Now Kurt and I have been singing together since we met, Brittany could also sing, but she was a better dancer. Mercedes had been singing in her church since before she could talk (or so she said). Our chorus was going to give one solo and a duet and of course several group numbers. The Duet turned out to be "Can You Feel The Love Tonight?" from the Lion King, now as much as I loved that song I wanted the solo which was "Tomorrow" from Annie, which at that time was my favorite musical (I hardly knew who Barbra Streisand was, but hey I was only nine).
Mercedes and I vied very hard for the solo, Brittany didn't try, but she did get the female part of the duet with some kid in glasses named Artie. (Kurt said he was happy in the background, the truth was Elisabeth had just died only a few months earlier, and Kurt wasn't in to singing solos at the current time). I ended up with the solo and Mercedes hated me ever since.
In 5th grade my dads decided that I would benefit from going to Hebrew school (Religion for Jews) twice a week. (Tuesday after school and Sunday morning). There I met Noah Puckerman, who liked to be called Puck. I could call him Noah. He called me Super Star or His Jewish Princess.

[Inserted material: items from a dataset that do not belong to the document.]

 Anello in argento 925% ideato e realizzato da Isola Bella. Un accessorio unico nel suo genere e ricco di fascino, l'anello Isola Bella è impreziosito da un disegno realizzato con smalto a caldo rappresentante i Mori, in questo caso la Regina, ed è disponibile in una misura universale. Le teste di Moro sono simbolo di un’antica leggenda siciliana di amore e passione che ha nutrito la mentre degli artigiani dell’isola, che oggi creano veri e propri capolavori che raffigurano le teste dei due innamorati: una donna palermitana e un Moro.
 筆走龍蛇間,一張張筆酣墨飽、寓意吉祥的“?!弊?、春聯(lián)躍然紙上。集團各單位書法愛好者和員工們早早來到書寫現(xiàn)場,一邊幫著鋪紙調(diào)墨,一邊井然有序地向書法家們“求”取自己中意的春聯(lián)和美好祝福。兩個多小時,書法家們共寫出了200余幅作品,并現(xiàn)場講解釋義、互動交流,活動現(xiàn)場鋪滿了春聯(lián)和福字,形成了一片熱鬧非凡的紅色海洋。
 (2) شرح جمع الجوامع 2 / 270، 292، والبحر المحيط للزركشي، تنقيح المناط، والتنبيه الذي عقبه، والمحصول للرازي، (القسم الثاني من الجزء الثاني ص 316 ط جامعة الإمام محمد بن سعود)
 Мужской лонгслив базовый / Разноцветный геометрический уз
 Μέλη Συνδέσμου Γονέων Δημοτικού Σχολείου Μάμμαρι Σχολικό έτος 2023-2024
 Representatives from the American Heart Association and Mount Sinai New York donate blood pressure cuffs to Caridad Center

Things for me remained the same through out most of middle school, once I entered High School everything changed. Kurt closed himself off and barely spoke to anyone including me. Mercedes acted like an ass most of the time, I didn't realize that she was holding in a lot of rage. I joined almost every school club there was in an attempt to distract myself from my longing for a mother (which had it an all time high ending of 8th grade, when certain things were happening). Puck joined the football team, and Brittany became a cheerleader, and although they tormented me at school to keep their new rep, outside they claimed to still be my friend.
Now in my sophomore year after I got our Glee Club teacher fired for favouring male students in more ways than one, something happened that changed everything. Mr. Shue became the new director and I saw that four names were up on the sign up sheet. Mercedes, Kurt, a girl I knew briefly named Tina, and Artie, remember the one who got that duet with Brit in 4th. So I signed my name ending with my gold star, my thing and Puck slushied me.

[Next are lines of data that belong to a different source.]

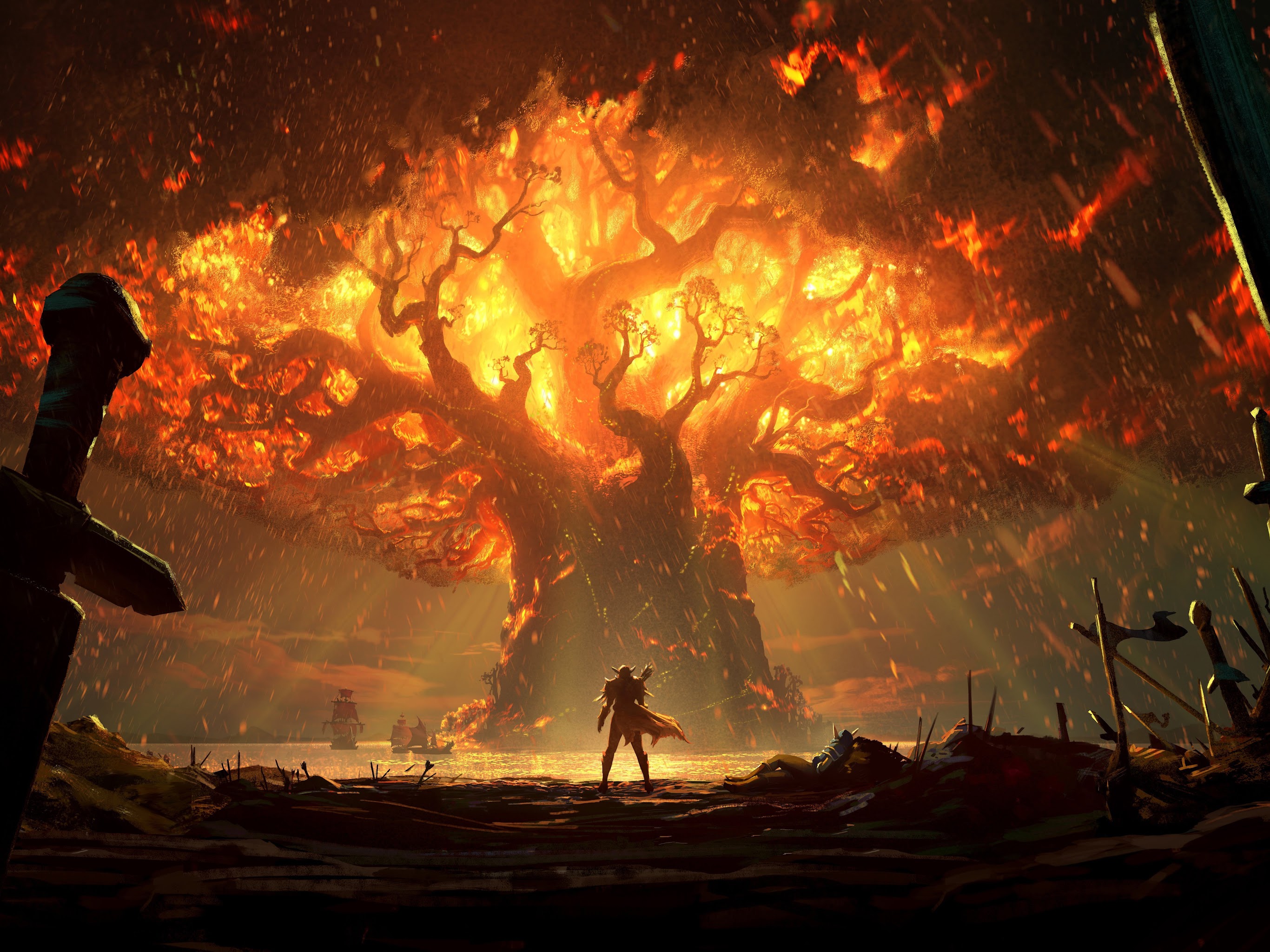 Video Games, Warcraft, Alliance, Teldrassil, Fire 8K Desktop, iPhone Wallpaper Background
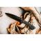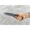 Bonne lame, coupe bien, à la volée comme en utilisation normale. Couteau léger. Le manche n'est pas désagréable le côté carré fait que les gants sont les bienvenus.
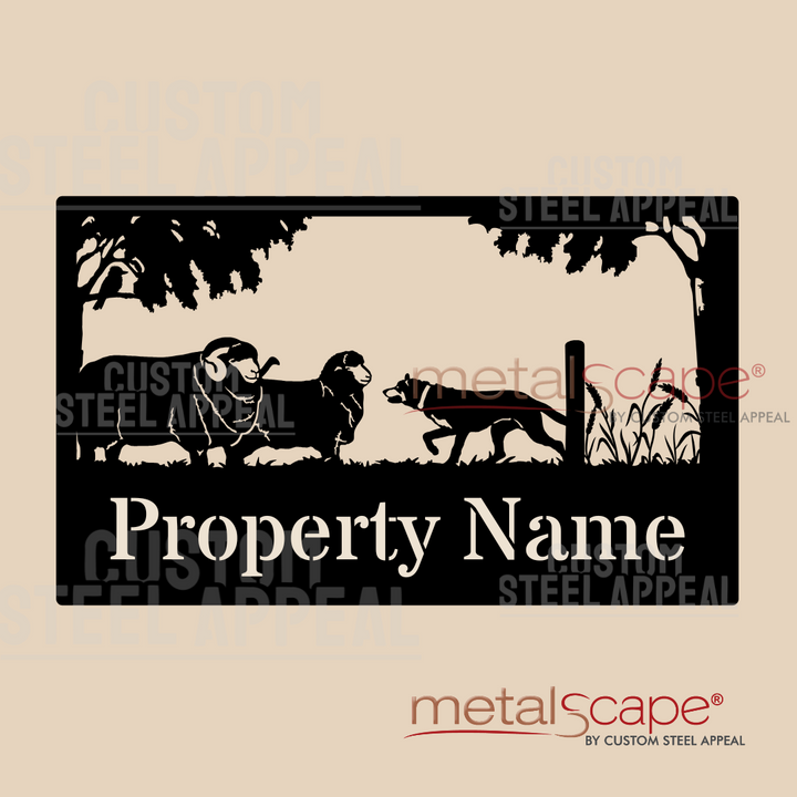 Merino Sheep, Kelpie & Wheat - Farm Property Sign
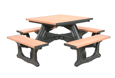 A true departure from the ordinary. A square table with an upscale design that projects prominence. The durability of 100% recycled plastic, an open access seating design, and a frame that has no peer, who could ask for more. Umbrella ready.
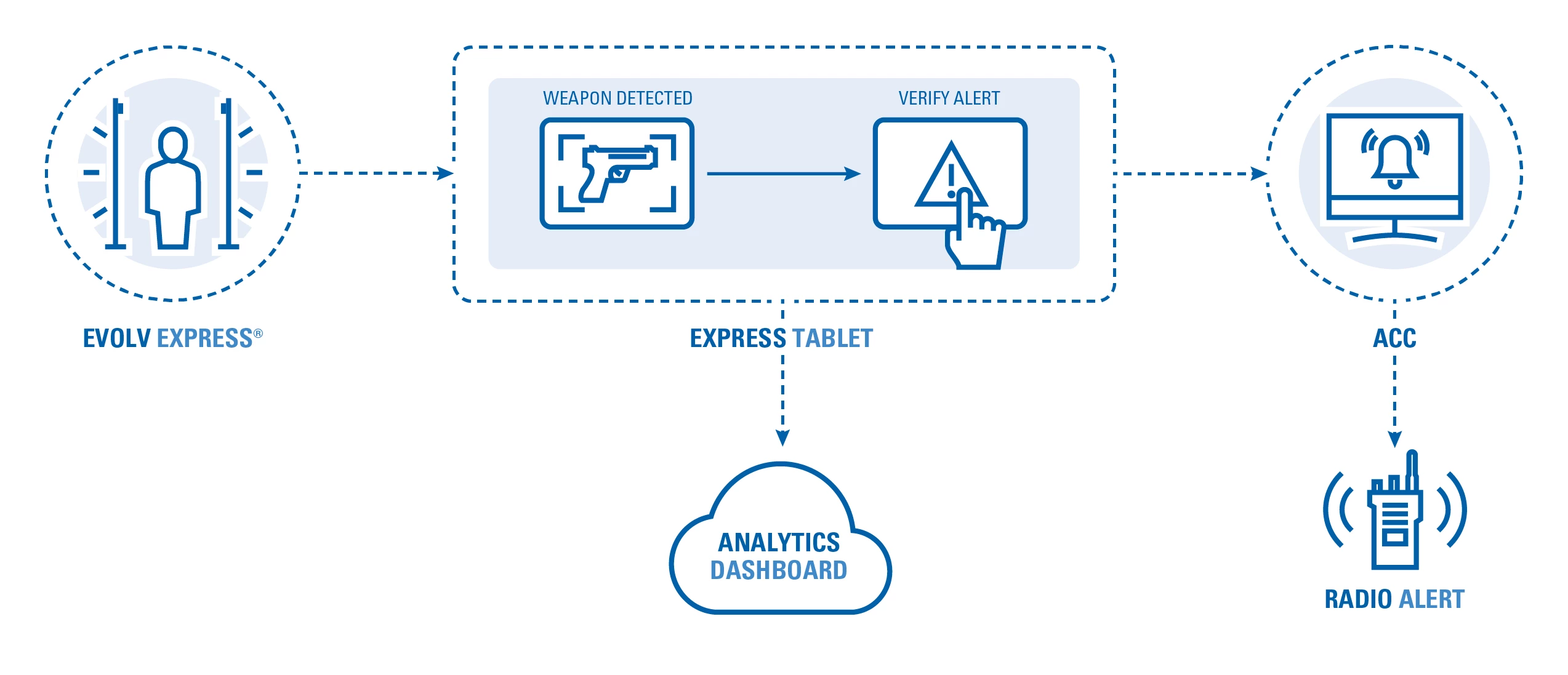 Motorola Solutions Concealed Weapons Detection (CWD), powered by Evolv Technology, helps to proactively keep people and assets safe by using advanced sensors and artificial intelligence to detect a wide range of concealed weapons and threats. It is the world’s first and only touchless security screening solution that is conducive to supporting post-pandemic security screening requirements. This solution operates up to 10 times faster and far more effective than traditional screening methods, while providing a touchless experience.
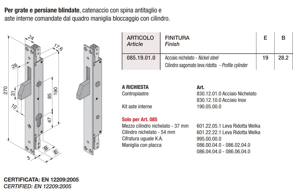 Serratura Welka 085.19 per persiane blindate aste interne - Entrata 19 mm

I went to the girls locker room to shower and change, I was a little cranky because I told Puck if he had to slushie me, could he please do the grape kind, especially if I was wearing white, like I was that morning.
I heard someone enter and lock the door and soon a very naked Puck was in the shower with me. "David was nearby or I wouldn't have done it." He whispered into my ear.
"I won't be able to wear that sweater again, you owe me a new one. I told you only grape when I wear white." I murmured.
"Sorry Superstar, I'll remember for next time." He promised.
Then under that warm water we had sex. It wasn't the first time; we had been doing it for about three months, shortly after I turned 15. (My birthday is in mid-July, the 17th)
About a month later I realized that I hadn't gotten my period for almost two months. Didn't tell my dads or Puck, I told Kurt. Kurt dragged me to an out-of-town drug store where we bought three different pregnancy tests.
As we waited for the results Kurt told me the reason he's been shutting me out and what was up. He said, "I'm gay."
"Did you forget whose raising me? Did you think I'd have a problem with it?" I asked.
"Not you really. Or Brit, or Mercedes. The person I'm worried about is my dad." Kurt confessed.
Personally I don't think Burt would mind too much. Kurt is his father's whole world since Elisabeth died. "Your dad loves you, you should tell him. If he kicks you out, which I doubt highly. You can come stay with me and my dads, I don't think they'd say no if you asked." I replied.
At that moment the timer went off, and there was the truth, three different tests all claiming that I was pregnant. I didn't believe them so I dragged Kurt to a free clinic to see if the tests were lying.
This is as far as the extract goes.